Curated by Sebastian Cichocki and Galit Eilat, SALT Galata’s ‘Rainbow in the Dark’ exhibition investigates how contemporary art challenges the outdated opposition between religious and secular societies

Religion is not the favorite subject of Turkish contemporary art. In the past, artists rarely touched on the subject. It is as though the art spaces here have somehow closed their doors to spiritual and religious issues. This may partly be due to the Turkish state's traditional treatment of spirituality and religiosity as things that need to be crushed down by force. Turkish artists and writers have often internalized the state's role as the bringer of enlightenment to ignorant masses: in classic Turkish novels, imams are often villains and the voice of the pious often serve the role of background noise. Rather than treating it as a serious subject, Turkish writers and artists have often imitated the approach of the state, condescending belief and spirituality, treating them as things their characters need to leave behind.

Descend the stairs of SALT Galata building on Bankalar Caddesi, turn right and you will hear amplified voices of Shiite Muslims who commemorate the Battle of Karbala during Muharram in an Istanbul neighborhood. Those chanting and weeping men are in a state of trance which Köken Ergun's 2012 video installation "Ashura" impressively represents. Köken's video is part of the "Rainbow in the Dark" exhibition which runs until Jan. 18. Realized with the Museum of Modern Art in Warsaw and curated by Sebastian Cichocki and Galit Eilat in collaboration with SALT, "Rainbow in the Dark" is one of the most evocative shows of the year. Featured artists include Kader Attia, Fayçal Baghriche, Miroslaw Balka, Fatma Bucak, Köken Ergun, Nilbar Güreş, Jonathan Horowitz, Gülsün Karamustafa, PawelKwiek, Virginia de Medeiros, Mujeres Publicas, Teresa Murak, Walid Raad, Zofia Rydet, Wael Shawky, Slavs and Tatars, Zbigniew Warpechowski and Artur Zmijewski.

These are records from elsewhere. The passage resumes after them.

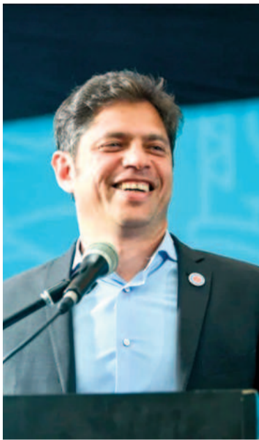
El gobernador bonaerense estaría en la Feliz.

La presencia de Axel Kicillof en la ciudad balnearia aún está en duda, pero los sectores que militan al gobernador dan por hecho su presencia y aguardan novedades por el desdoblamiento electoral.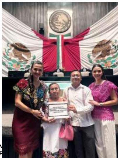
C.C.P. Archiv EDUT / M.A.V.F

Estuvimos acompañados de las dependencias con las cuales mantenemos una coordinación permanente en gestiones como la Secretaría de Desarrollo Económico del Gobierno del Estado de Quintana Roo, SEDETUR - Secretaría de Turismo de Quintana Roo, ICA - Instituto de la Cultura y las Artes y el IESSOL.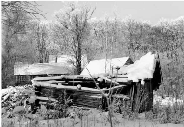
Žiemą kaimas stovi tuščias ir liūdnas, atgyja tik vasaromis.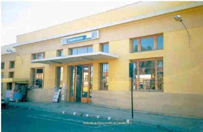
La comunidad, a través de este diario, exigió por años la reposición de la Estación de Ferrocarriles, hoy en plena construcción.

Tiraje: 4.200 Lectoría: 12.600 Favorabilidad: No Definida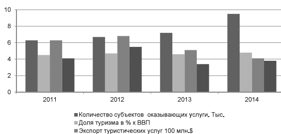
Рисунок 1 – Динамика основных показателей туристической деятельности в 2011–2014 гг.

Озеро Иссык-Куль, с великолепными пляжами, минеральными источниками, лечебной водой, грязевым и термоминеральным лечением, благодаря уникальному сочетанию горного и морского климата, является курортно-оздоровительной зоной мирового масштаба. Необходимо отметить, что в советский период Иссык-Куль имел статус «всесоюзной здравницы», где отдыхало в лучшие годы до 1,7 млн человек [2]. К сожалению, сегодня туристский потенциал КР задействован не в полной мере. В 2014 г. в целом по КР официально зарегистрировано 9,5 тыс. предприятий, осуществляющих экономическую деятельность в сфере рекреации и отдыха [3]. Динамика их роста в 2011–2014 гг. представлена на рисунке 1. Принято считать, что туризм считается профилирующей отраслью, если он создает более 8 % ВВП страны. Начиная с 2001 г., объявленного Годом туризма, туризм декларируется в КР как профилирующая отрасль экономики. Тем не менее, изначально и в последние 4 года его доля в ВВП страны колеблется от 3,4 до 4,8 %, что еще далеко от целевого показателя.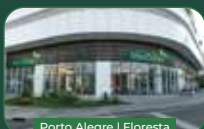
Porto Alegre | Floresta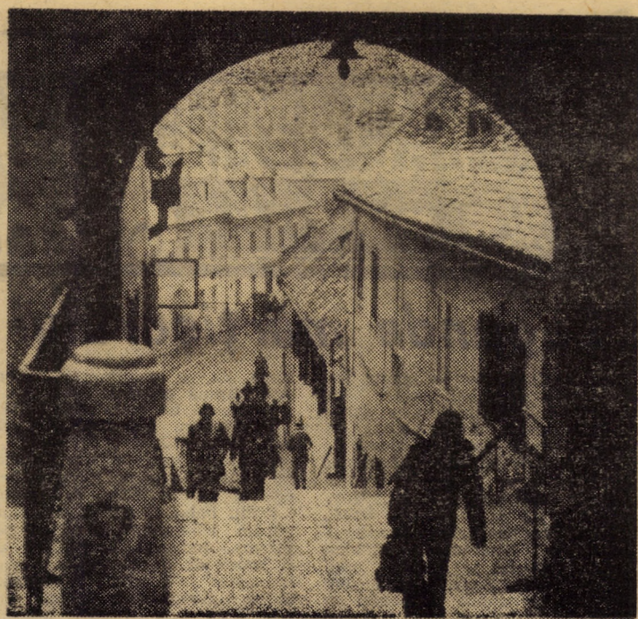
„Turnul scării” — cale de acces spre „orașul de jos” al Sibiului

(Continuare în pag. a III-a) N. I. DOBRA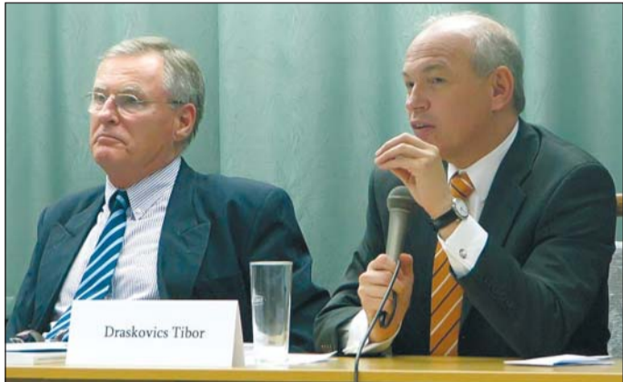
Balsai István (balról) volt és Draskovics Tibor jelenlegi igazságügyi miniszter a kerekasztal-beszélgetésen.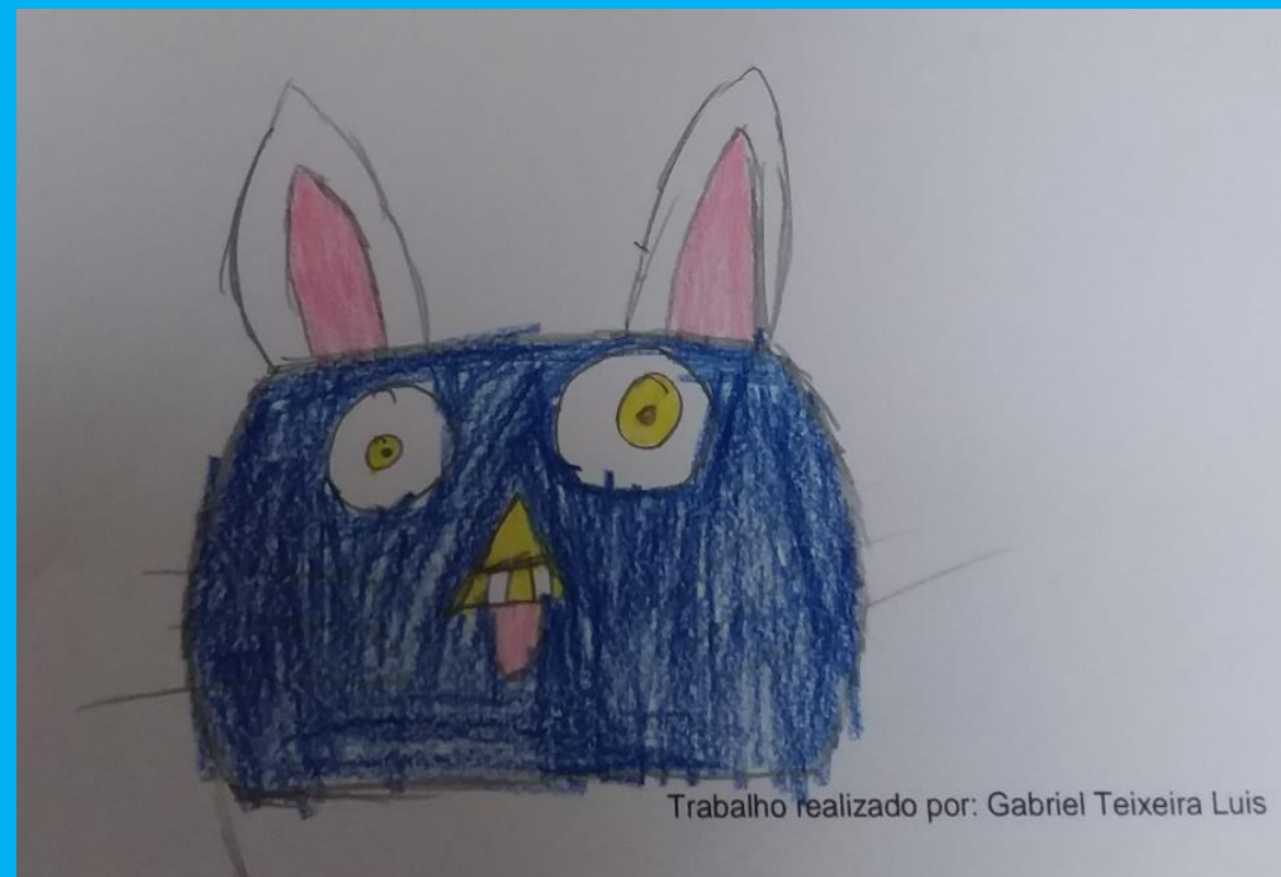
Trabalho realizado por: Gabriel Teixeira Luis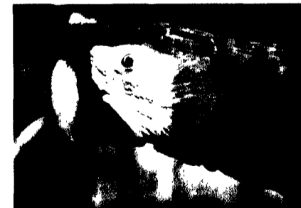
Guacamaya (Ara macao) residente en las Ruinas de Copán.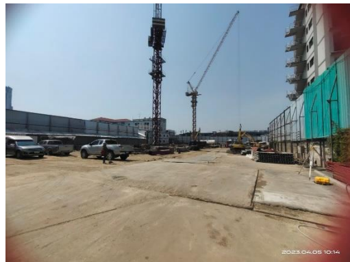
รูปที่ 2 การดำเนินกิจกรรมและการปรับพื้นที่ภายในพื้นที่โครงการ ในระยะเสาะเข็มฐานราก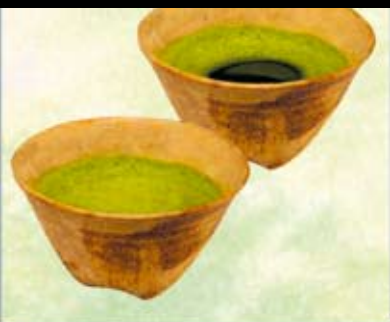
Der Schaumaufschlag kann eingestellt werden analog den Zubereitungsarten der japanischen Teezeremonie im „Omote-senke Stil“ oder im „Ura-senke Stil“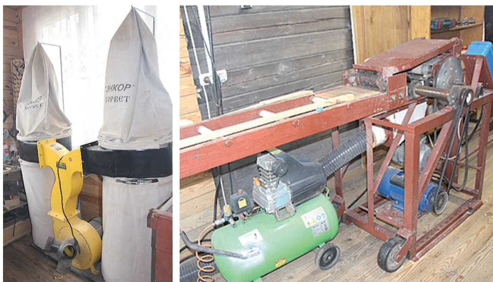
Оборудование для производства ульев, рамок, кормушек и т.д.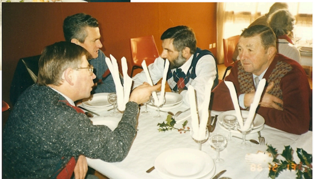
6. Des têtes plus jeunes, des conseillers municipaux participent à ce déjeuner.

Ce repas annuel offert par le CCAS s'arrêtera en 2000 et sera remplacé par une subvention plus conséquente.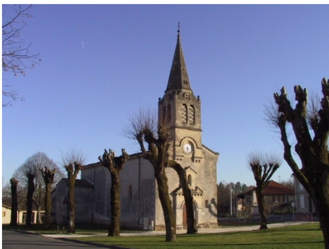
Vue de l'église (Nord-Ouest)

L'abside et l'absidiole sud de l'église Saint-Louis sont inscrites au titre des monuments historiques par arrêté du 24 décembre 1925.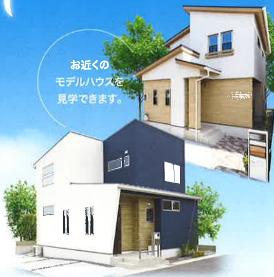
外観完成イメージパース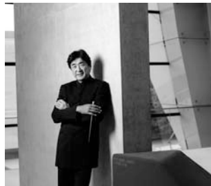
コンサート

開演日時 3/27 (日) ①11:00 ②14:30 会場 本多の森ホール 会員料金 1,800円 (通常2,700円) 予約受付開始 1/7 (木) 17:00~ 3歳以上有料、2歳以下は保護者1名につき1名以上鑑賞可、ただしお席が必要なお子様は有料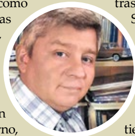
Por Luis Obreque Vivanco

Hace algunos meses, alguna prensa de tiraje nacional y medios en las redes, nos han bombardeado con noticias que, sin dejar de reconocer que enlodan a la Institución penitenciaria, Gendarmería de Chile, pretenden hacer aparecer a todos y todas los funcionarios como agentes corruptos, que no cumplen las obligaciones que les impone el servicio, sobre todo cuando el trabajo se hace al interior de los establecimientos penales, donde trabajan alrededor de 22.000 personas, uniformados y no uniformados, personas que a estas alturas deben preocuparse del orden y régimen interno, propio de sus funciones, con el cuidado de aquellos que han torcido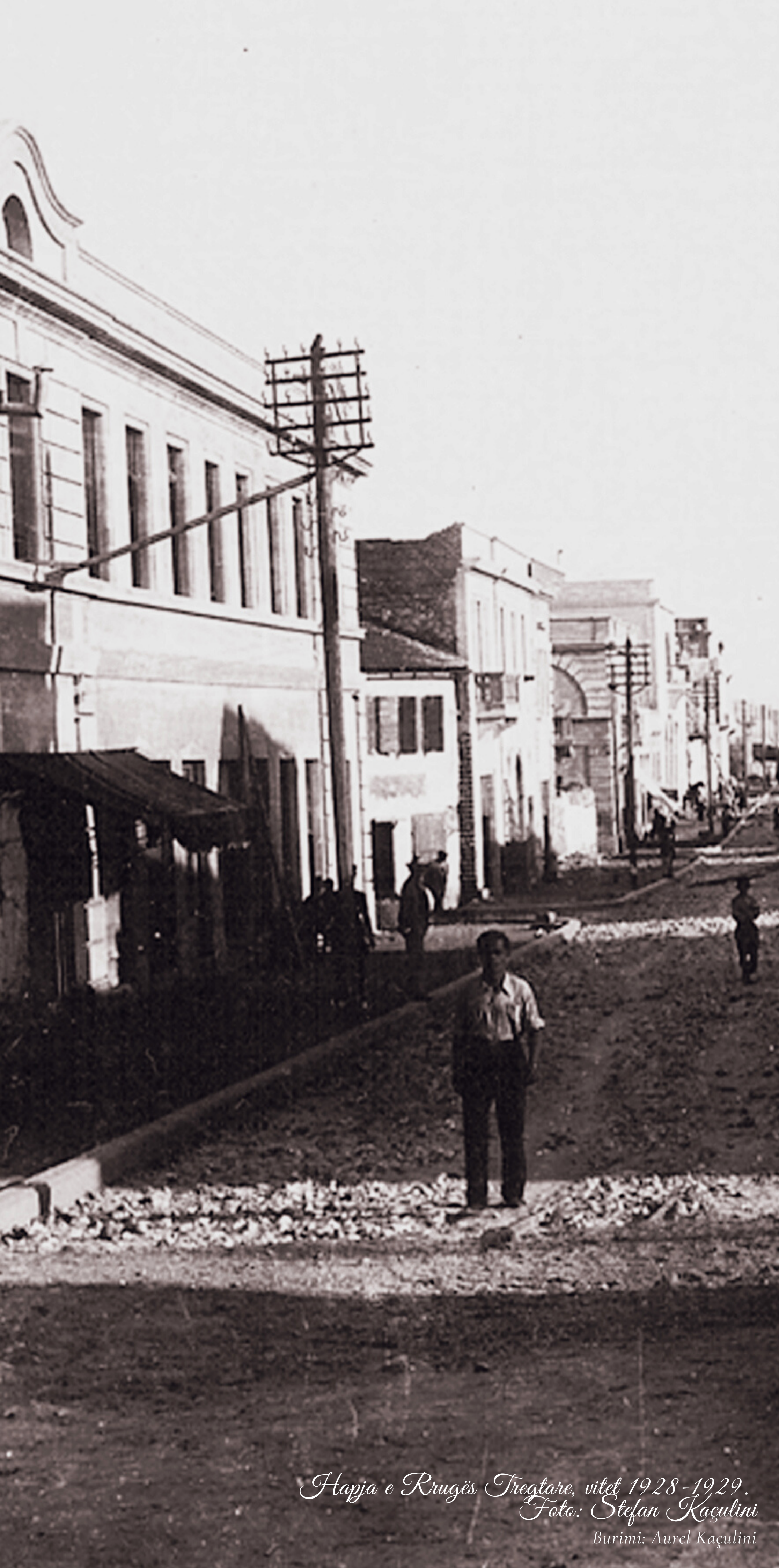
Hapja e Rrugës Treglare, vitet 1928-1929.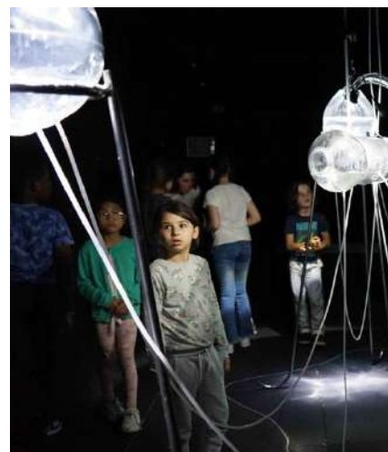
Ateliers et visites de l'installation sonore 2022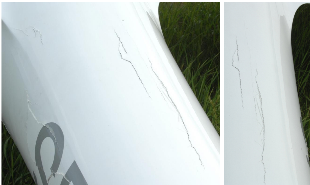
9 i 10 – Uszkodzenia (pęknięcia) skorupy grzbietu belki ogonowej za skrzydłem szybowca.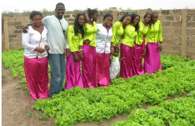
Des membres de l'UPDR/R

Cette association travaille dans les villages sous la supervision du Comité de Bakel. "La visite au village de Segou Coura m'a permis de rencontrer une équipe extrêmement motivée. Une trentaine de personnes participe à la séance et me font une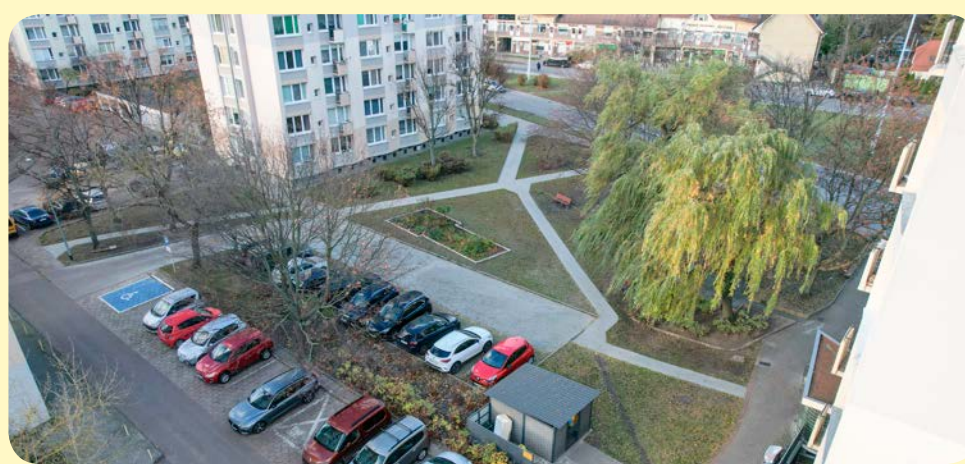
➔ Niewielki parking wykonano w tym roku między Bora Komorowskiego 85A a Śląską 37

Najdroższym tegorocznym zadaniem była naprawa konstrukcji galerii i malowanie elewacji wraz z wymianą okien (klatka

"One of the major phenomena in contemporary society is the growing influence of monotheistic religious practices," the exhibition program informs us. "Radical movements in Islam, Christianity and Judaism appear to penetrate the ever-widening areas of social life, to the point where they threaten the more traditional understanding of religion. Additionally, we can observe how social movements stem from religious groups or turn toward religion in order to gain political power in different parts of the world, including South and North America, Poland and Turkey." In an effort to investigate the influence of religious norms on society, curators selected a core group of works from the collection of the Museum of Modern Art in Warsaw. Eliat and Cichocki note how the exhibition "takes a post-secular perspective, investigating how contemporary art challenges the outdated opposition between religious and secular societies. It explores the way current art addresses the appeal of rituals, mysticism and the irrational beyond the horizon of modernity." The works on display focus on religious rituals, gender politics and spirituality. One of the most impressive works is "Little Box of Matches" by the Argentinian artist collective Mujeres Publicas. It comprises a matchbox and a book which features Piotr Kropotkin's controversial view of religion: "the only Church that illuminates is the one that burns." Such provocative works are accompanied by those that have a much more serious tone. Wael Shawky's 2012 video "Cabaret Crusades: The Path to Cairo," is a case in point. Reinterpreting Christian Crusades with Arabic chronicles, this fascinating 61 minute video uses Amin Maalouf's book "The Crusades Through Arab Eyes" for its screenplay. It covers events from 48 years, from the end of the first crusade in 1099 to the beginning of the second crusade in 1147. "The film adheres to puppet-show conventions, and contains elements of musicals, popular science programs, nativity plays, and even horror films... It was made thanks to the artist's cooperation with a group of over 200 people: musicians, pyrotechnicians, and puppet-makers. All the puppets used in the film [more than 130 figures of Christians, Muslims, kings, caliphs, popes, martyrs and saints] were made at workshops in Provence according to the 18th century 'santons' technique used to produce clay puppets for nativity plays. The film was recorded in the cathedral of Aubagne in France."

Shawky's "The Path to Cairo" and Ergun's "Ashura" are perhaps the centerpieces of this show.

The latter video was shot in Zeynebiye, the Istanbul neighborhood where many Jafari Shiites in Turkey live. Ergun's approach to the theater performance and the ritual of the Karbala events is subtle. Finally, contemporary Turkish artists seem to come to terms with the realities of their country, which were conveniently left out of the public sphere.